I tried to solve the exercise VIII.XX in Number Fields by Marcus. It asks to find the Hilbert class field of $Q(\sqrt m)$ for $m=-6,-10,-21,-30$. And the emphasis of this question is on the first two.
Attempt to solve the first case.
I knew that the class number of $K=Q(\sqrt{-6})$ is $2$, so its Hilbert class field extension $H/K$ is of degree $2$. Since all groups of order $4$ are abelian, we know that $H$ is also abelian over $Q$. Further, by the computation of the conductor, we know that $H\subset Q(\zeta_{24})$, where $\zeta_{24}$ is a $24$-th primitive root of unity. After we compute explicitly the galois group of $Q(\zeta_{24})/Q$ is isomorphic with h$C_2\times C_2\times C_2$. Noting that $\sqrt{-6}=(\zeta_8+\zeta_8^7)(1+2\zeta_3)$, we deduce that the galois group of $Q(\zeta_{24})/K$ is isomorphic with $G=C_2\times C_2$. So there are $3$ subgroups of $G$ of index $2$. And I cannot decide which one of them is the subgroup fixing $H$. Of course, if we write out all fixed fields of the three subgroups, then, by examining the decomposition of ideals, we can determine, or conclude, that $H=Q(\sqrt2,\sqrt{-3})$. But I think there must be a way of deciding this without this trial and error.

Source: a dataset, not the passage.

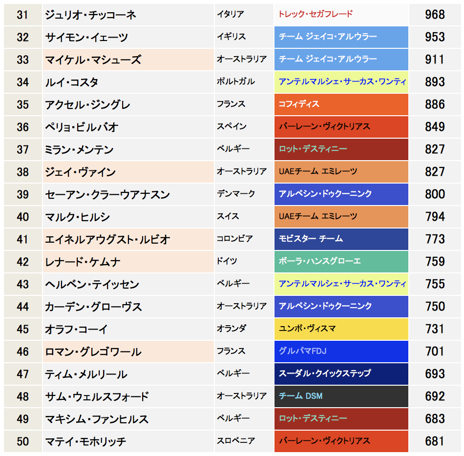 ランキング上位50名を表にした。ジロで活躍した選手たちが先月からランキングを大幅にあげた。以下コメントは特に気になる活躍をしている選手にのみ言及する。また活躍したレースが1〜4月中心の選手は下記リンクから辿ってください。

In fact, in the second case, $K=Q(\sqrt{-10})$, there are $7$ possibilities of $H$! After some calculations moreover, I found that $H=Q(\sqrt{-10},\sqrt5)$. But my method is again trial and error. And I want to find a way to determine $H$ without such brute force.
Question
Given a specific field $K/Q$, what is the standard, or the most efficient, way in determining its Hilber class field $H$?
I looked into Algebraic Number Fields by Janusz, but the example I found there is the case $Q(\sqrt{-5})$, in which the galois group of $Q(\zeta_{20})/K$ is cyclic of order $4$, thus having a unique subgroup of index $2$, and so cannot help me here.
Any help is greatly appreciated. Thanks in advance.